Method: Seven pediatric UL and 7 pediatric NC patients were recruited for the study. Urine (24-hour urine or spot urine) and stone specimens were collected. Twenty-seven NSF children served as controls were participated, and their spot urine samples were collected. Urinary levels of calcium, oxalate, uric acid, potassium, magnesium and citrate were determined.

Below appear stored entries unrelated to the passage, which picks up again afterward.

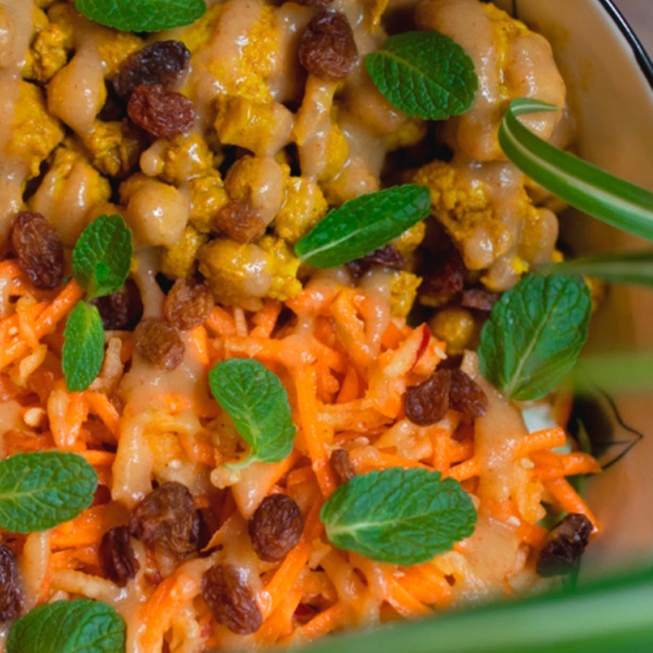 • Orient-Express: Curry-Blumenkohl & Kichererbsen | Apfel-Möhren-Sesam-Salat | Erdnuss-Limetten-Kokos-Sauce | Mango-Chutney | Rosinen | Minze
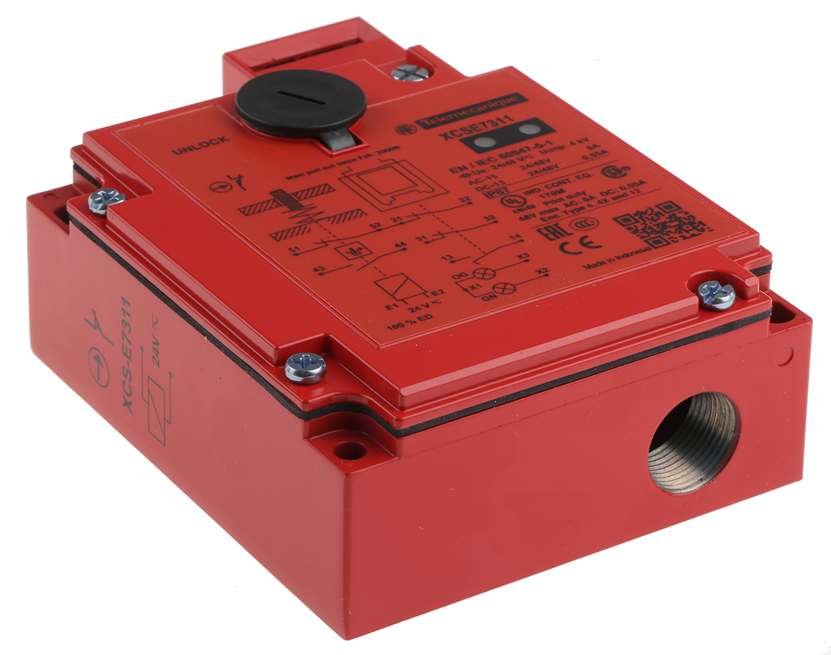 This is XCS-E Solenoid Interlock Switch Power to Unlock 24 V ac/dc manufactured by Telemecanique Sensors. The manufacturer part number is XCSE7311. The product carries key actuator. It is IP rated with ip67. The product xcs-e, is a highly preferred choice for users. It has the power to unlock . Its accurate length is 98mm. It includes an actuator yes . The product also features robust metal housing material. Furthermore, the product is 44mm wide. The product comes in 146mm depth. Features 24v ac/dc supply voltage. It has a standard pg13.5 conduit entry . It features preventa range. It includes no/2nc safety contacts .
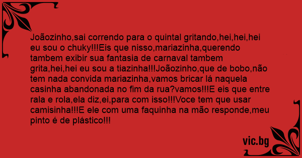 Joãozinho,sai correndo para o quintal gritando,hei,hei,hei eu sou o chuky!!!Eis que nisso,mariazinha,querendo tambem exibir sua fantasia de carnaval tambem grita,hei,hei eu sou a tiazinha!!!Joãozinho,que de bobo,não tem nada convida mariazinha,vamos bricar lá naquela casinha abandonada no fim da rua?vamos!!!E eis que entre rala e rola,ela diz,ei,para com isso!!!Voce tem que usar camisinha!!!E ele com uma faquinha na mão responde,meu pinto é de plástico!!!
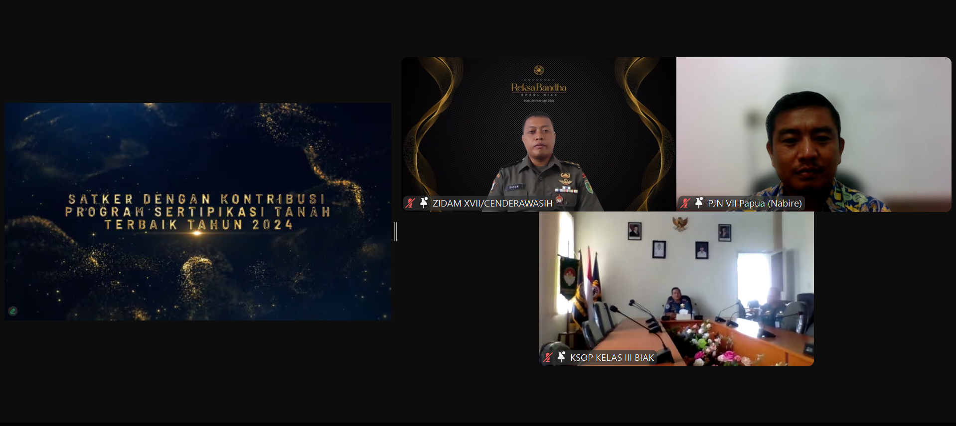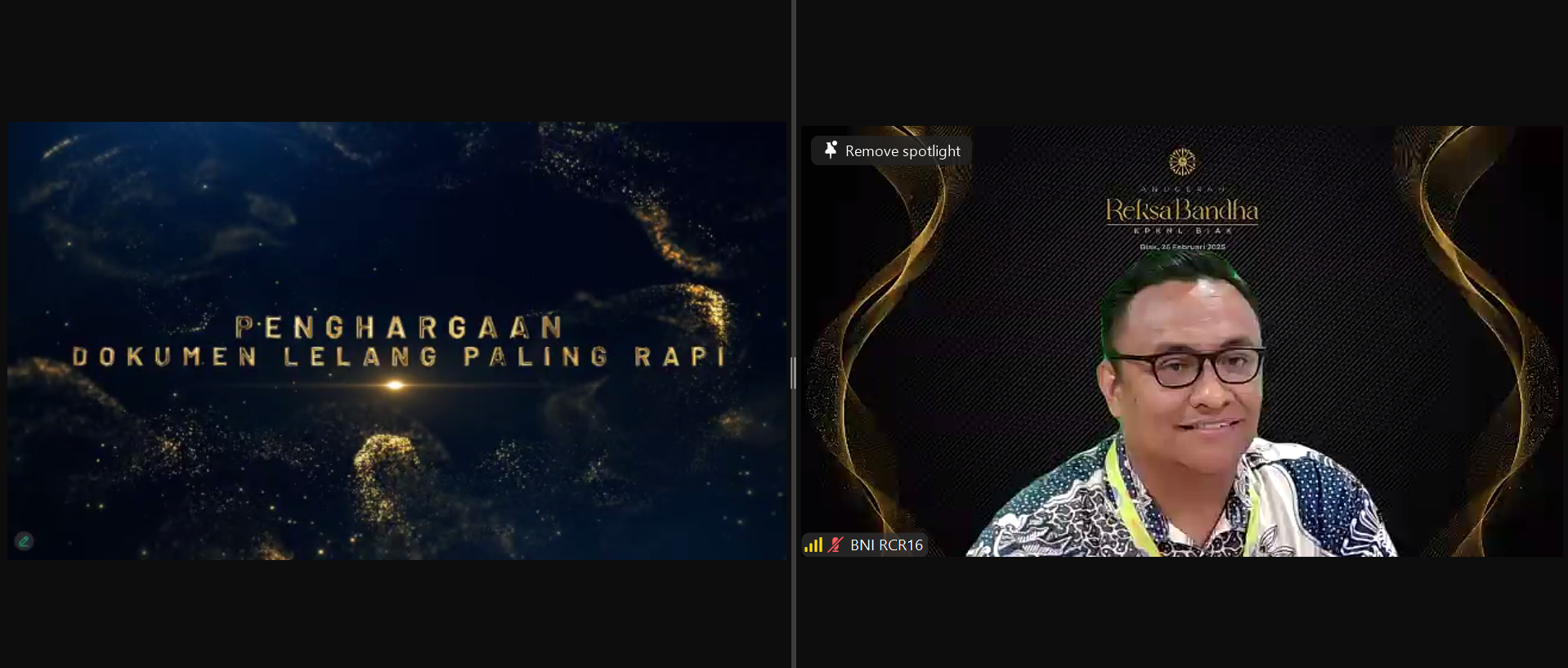 Biak (26/02) KPKNL Biak kembali menyelenggarakan penghargaan Anugerah Reksa Bandha KPKNL Biak yang kali ini dilaksanakan secara online. Pada tahun ini terdapat 46 penghargaan yang dibagikan kepada para Pengguna Layanan dan Mitra Kerja KPKNL Biak yang terbagi atas tiga kategori utama yaitu penghargaan di bidang pengelolaan kekayaan negara, penghargaan di bidang penilaian Barang Milik Daerah (BMD), dan penghargaan di bidang lelang.

Results: Urinary levels of citrate, potassium and magnesium in UL and NC patients were significantly lower than that in NSF controls. Urinary calcium in NC patients was significantly greater than the controls. Both UL and NC patients had urinary uric acid higher, while urinary oxalate lower, than the controls. Hypocitrauria (100%) were remarkably observed in childhood UL patients. Four children with NC (57.14%) had hypocitrauria whereas only 4% (1/27) was found in NSF children. The prevalence of hypercalciuria and hyperoxaluria in childhood UL patients and NSF children was not statistically different. Prevalence of hypercalciuria and hyperoxaluria in pediatric NC patients did not differ from the controls.
Conclusion: Hypocitrauria was considered as the main metabolic risk factors of UL and NC in Thai children. Modification in dietary habit as well as citrate supplementation is recommended to prevent recurrent urinary stone in UL patient and to decrease the likelihood of stone formation in NC patients.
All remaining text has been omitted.